Mientras otros dormían, Karl reunía a algunos de los adultos del grupo. Les hablaba en voz baja, exponiendo sus temores.
—No digo que nos volvamos contra ellos —decía, con tono medido—. Pero no podemos quedarnos de brazos cruzados. Este lugar... parece seguro. Pero si no tenemos control, si no organizamos una estructura sólida... volverá a pasar. Pasará lo mismo que en la fábrica. Comenzará con escasez, luego decisiones desesperadas, y al final, locura.
Algunos lo miraban con recelo. Otros asentían, recordando los horrores vividos.
—¿Y qué propones? —preguntó una mujer de rostro enjuto, la ropa aún rota.
—Crear un comité de adultos. Tomar decisiones por el bien común. No podemos dejarlo en manos de adolescentes... por más fuertes que sean.

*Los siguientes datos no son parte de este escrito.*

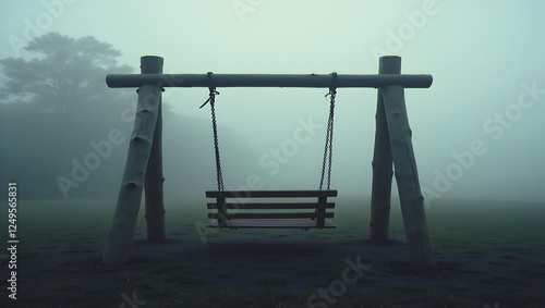 Lonely wooden swing in a foggy playground

—Pero hay militares —dijo otro—. Hay magia. No podemos enfrentarlos.
—No se trata de enfrentarlos ahora —replicó Karl—. Se trata de estar listos para cuando se equivoquen.
Ese pensamiento empezó a germinar en algunos de los rescatados. No era una rebelión abierta. No todavía. Pero era una semilla de duda, de desconfianza... y eso bastaba para cambiar el equilibrio.
El refugio, aunque lleno de vida y esperanzas renovadas, ya no era tan inocente como antes.
Y pronto, alguien tendría que decidir si confiar... o prepararse para otra guerra interna.